And, for the FIRST time in our history, we had been finally been afforded the privilege to be proud witnesses of a Warriors’ captain scoring a hat-trick in a Nations Cup match.

A huge story also exploded around the world when the Spanish prosecutor announced that football’s biggest superstar and ultimate poster boy, Cristiano Ronaldo, was being charged in a tax fraud case involving more than $16,5 million.

Inevitably, the announcement triggered a tsunami in world football given Ronaldo’s huge profile.

It’s a road we have travelled before, with Ronaldo’s only rival for the tag of the world’s best footballer, Lionel Messi, last month losing an appeal to have his 21-day prison sentence, for tax fraud, being dismissed by the Spanish Supreme Court.

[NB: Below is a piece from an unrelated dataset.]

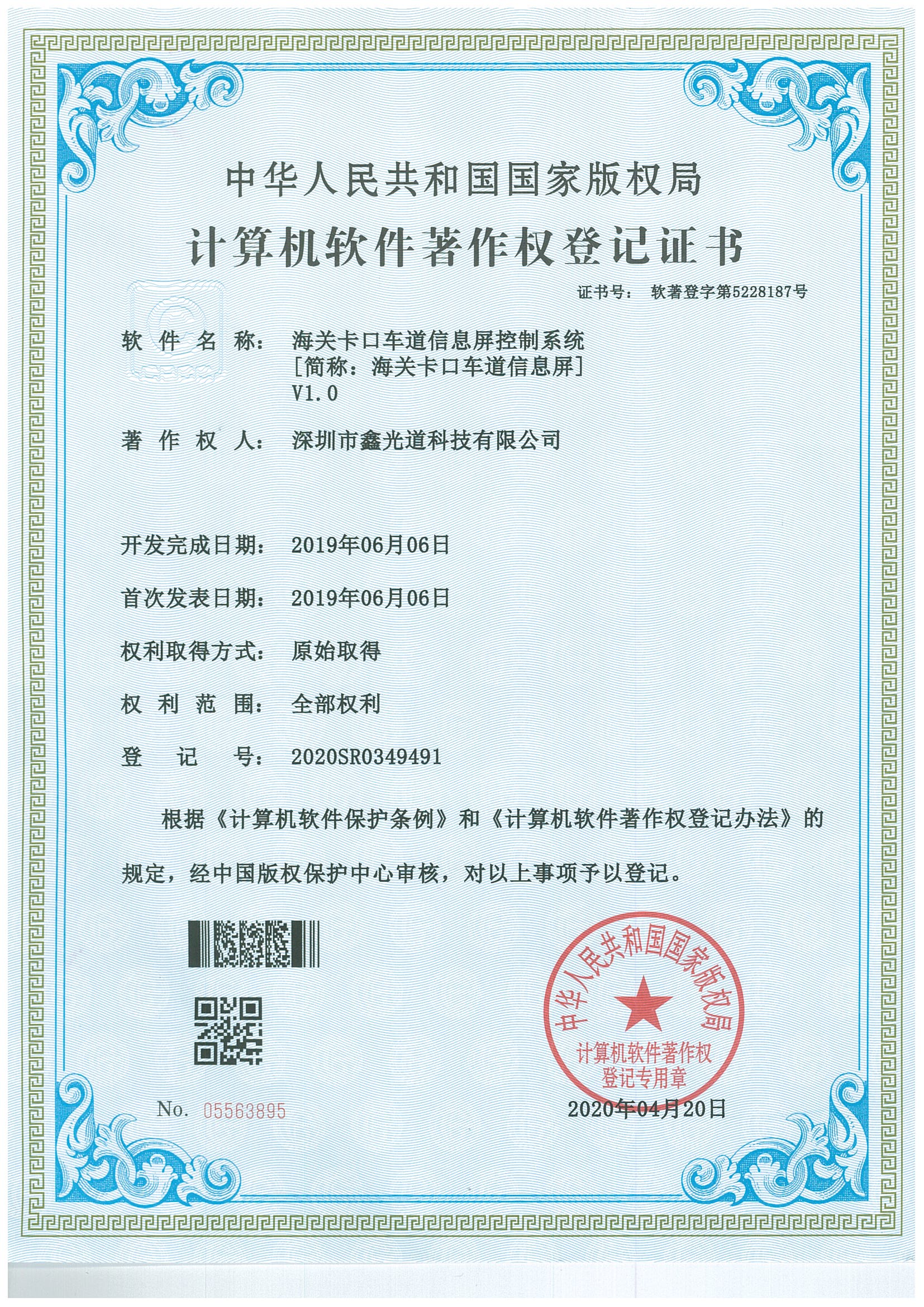中华人民共和国国家版权局计算机软件著作权登记证书 软件名称: 海关卡口车道信息屏控制系统{简称:海关卡口车道信息屏}V1.0 著作权人: 太阳成集团tyc7111cc,太阳集团tyc4633,太阳集团tyc9728 开发完成日期: 2019年06月06日 首次发表日期: 2019年06月06日 权利取得方式: 原始权利 权利范围: 全部权利 登记号: 2020SR0349491 根据《计算机软件保护条例》和《计算机软件著作权登记办法》的规定,经中国版权保护中心审核,对以上事项予以登记

Of course, Messi won’t serve jail because he is a first offender and in Spain that comes with some privileges, but given his status as high-flying sportsman who has a lot of endorsements from companies, to have the record of convicted fraudster in his profile is an unwelcome stain.

Because, this means Messi will now always be classified among a group of tax cheats whose membership include infamous Chicago gangster Al Capone.

What made Ronaldo’s case shake the world, in a way Messi’s case probably didn’t, was the huge amount involved in the Portuguese captain’s fraud case, a staggering $16,5 million, more than four times the value of what the Argentina skipper was found guilty of defrauding tax authorities.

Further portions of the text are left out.